Chapter 10 describes the conditions for using the independent samples t-test. You always first need to check these conditions before running the tests. For this assignment you hopefully conducted a correct test, and ended up with the following output (if not, reread section 10.1).
| Tests of Normality | |||||||
|---|---|---|---|---|---|---|---|
| Version participants saw | Kolmogorov-Smirnov a | Shapiro-Wilk | |||||
| Statistic | df | Sig. | Statistic | df | Sig. | ||
| IncidenteleInfo | Original version | .263 | 24 | .000 | .850 | 24 | .002 |
| Random version | .229 | 27 | .001 | .905 | 27 | .017 | |
| CentraleInfo | Original version | .452 | 24 | .000 | .580 | 24 | .000 |
| Random version | .255 | 27 | .000 | .776 | 27 | .000 | |
Lilliefors Significance Correction.
What do these results tell you? What you can conclude from these numbers is that in both groups the distribution of both incidental information recall and central information recall is not normally distributed. This means that you are not allowed to use the t-test, but have to use a nonparametric equivalent! But, which test? Take a look at the chart in Figure 10.9 and you will know that it is Mann-Whitney’s test that is appropriate here.

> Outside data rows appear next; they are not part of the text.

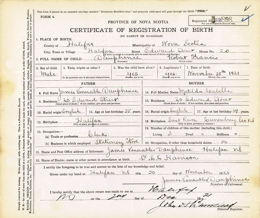 21. Name and Post Office address of Informant James Venerable Dauphinee Halifax
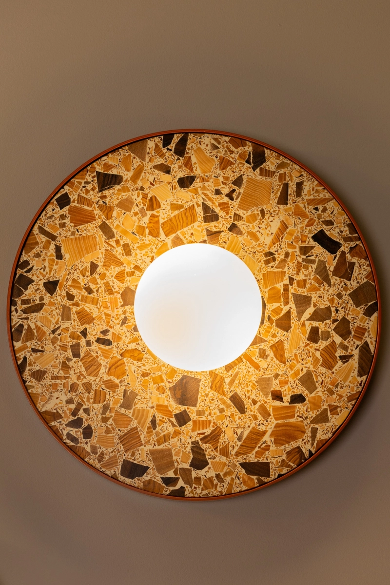 Bazą wszystkich opraw z kolekcji jest unikalne terrazzo "Full of Tradition" – materiał opracowany przez HANK, polską pracownię specjalizującą się w odpowiedzialnym projektowaniu. Terrazzo to wykonano z zatopionych w żywicy fragmentów drewna: drewna jesionu, orzecha włoskiego i drzew owocowych. Każdy fragment wybrano indywidualnie, a efekt to szlachetna, niepowtarzalna mozaika. Drewno nie zostało ukryte – przeciwnie, jego przekrój i rysunek słojów są w pełni widoczne i stają się integralnym elementem kompozycji.
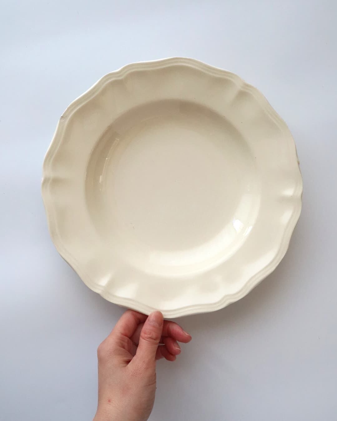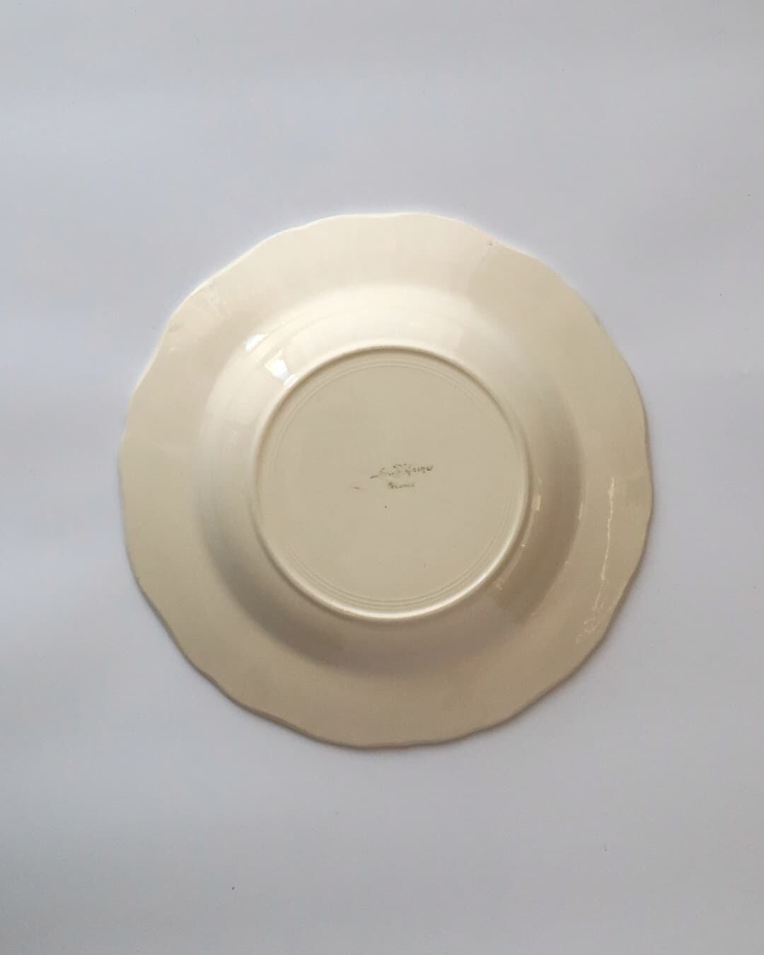 フランス サルグミンヌ窯より花リムの深皿プレート。
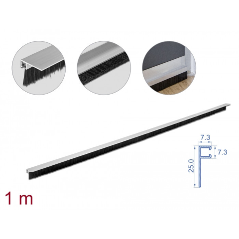 1 kép DELOCK 20 mm hosszú, hajlított kefeszalag 1 m hosszú alumínium foglalattal
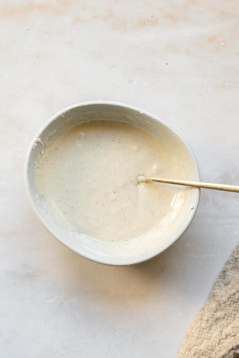 - Add the powdered sugar, nutmeg, vanilla bean paste, and 3 tbsp. of eggnog to a small mixing bowl. Whisk together, adding in more eggnog as needed to achieve your desired glaze consistency.
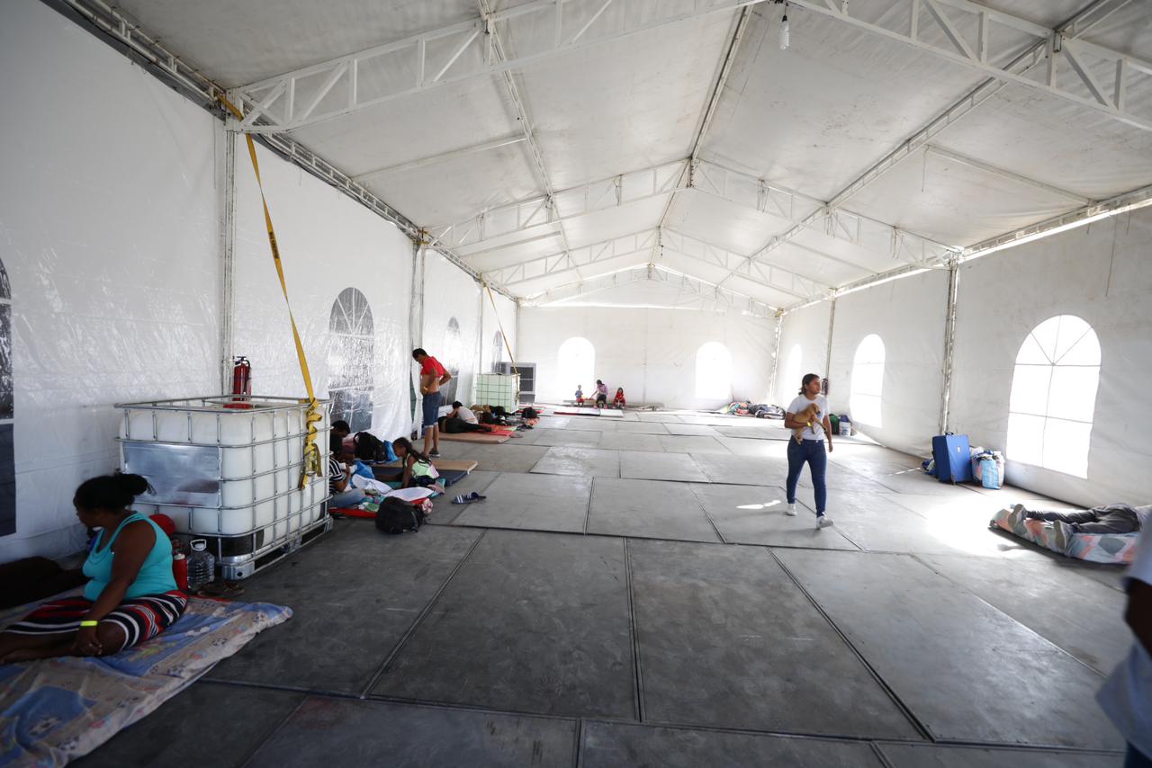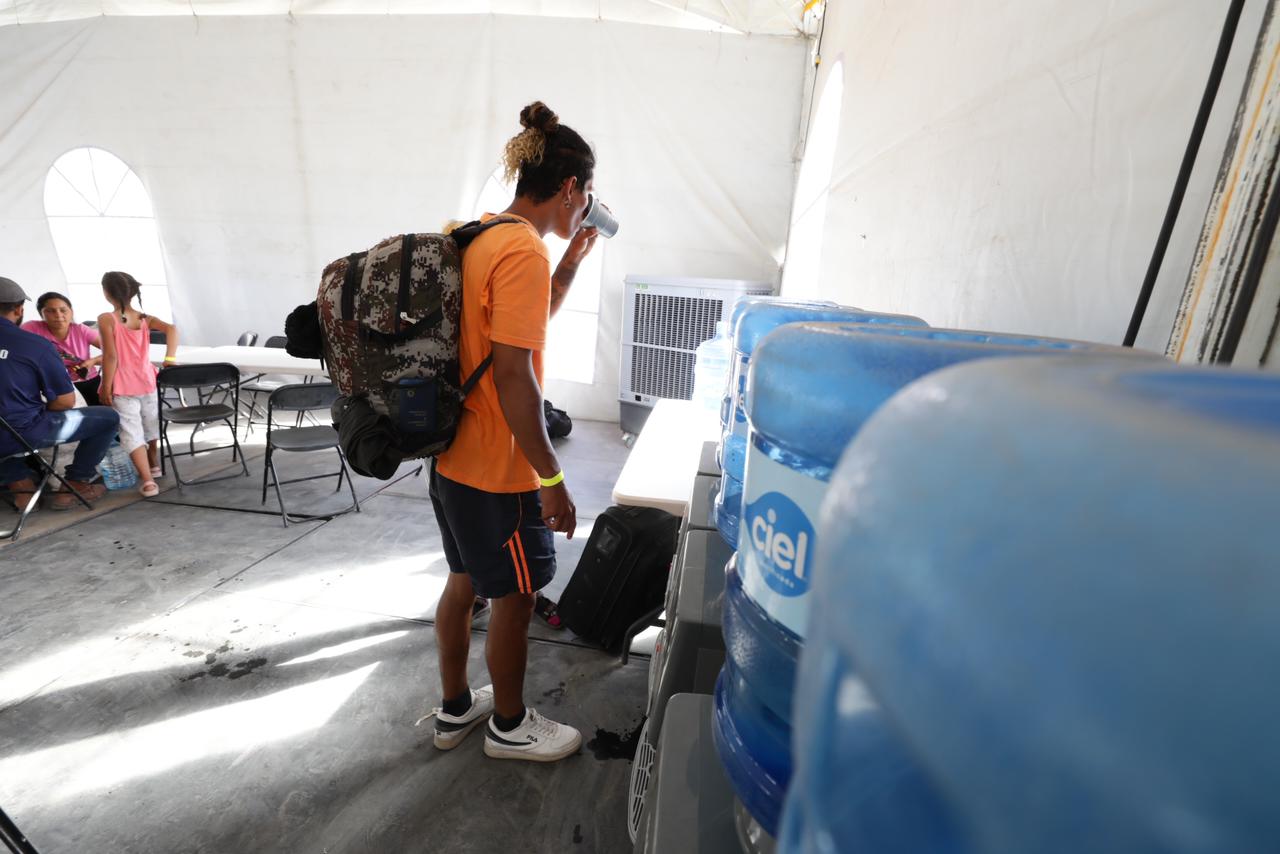El campamento está ubicado en la calle Moctezuma y David Herrera Jordán y cuenta con dos «galerones» que ofrecen resguardo a las familias migrantes.
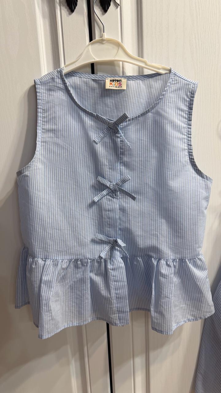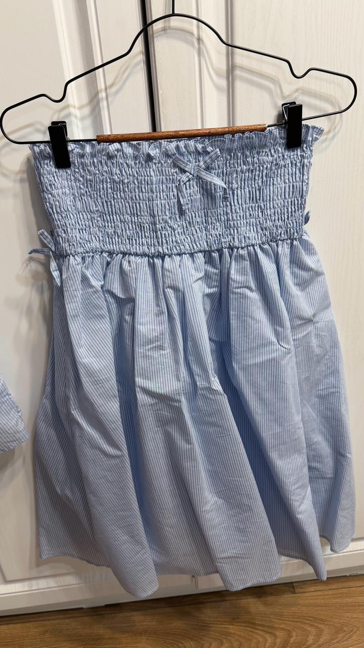 Комплект топ и юбка (ниже колена), цвет голубой, размер 13-14 лет, 154-158 см, очень мило смотрится. 1 раз одевалось на мероприятие, комплект покупали за 24 тыс Артикул: 563023

Running this test will result in the following output:
| Ranks | ||||
|---|---|---|---|---|
| Version participants saw | N | Mean Rank | Sum of Ranks | |
| IncidenteleInfo | Original version | 25 | 26.82 | 670.50 |
| Random version | 27 | 26.20 | 707.50 | |
| Total | 52 | |||
| CentraleInfo | Original version | 24 | 30.50 | 732.00 |
| Random version | 27 | 22.00 | 594.00 | |
| Total | 51 | |||
| Test Statistics a | ||
|---|---|---|
| IncidenteleInfo | CentraleInfo | |
| Mann-Whitney U | 329.500 | 216.000 |
| Wilcoxon W | 707.500 | 594.000 |
| Z | −.151 | −2.321 |
| Asymp. Sig. (2-tailed) | .880 | .020 |
Grouping Variable: Version participants saw.
For the interpretation you focus on the results in the bottom row. For incident you there was no significant effect, but for central there was (p < .020). This means that you can conclude the difference between the group scores on recall of central information was indeed significant, when conducting the correct (nonparametric) test, i.e. the Mann-Whitney test.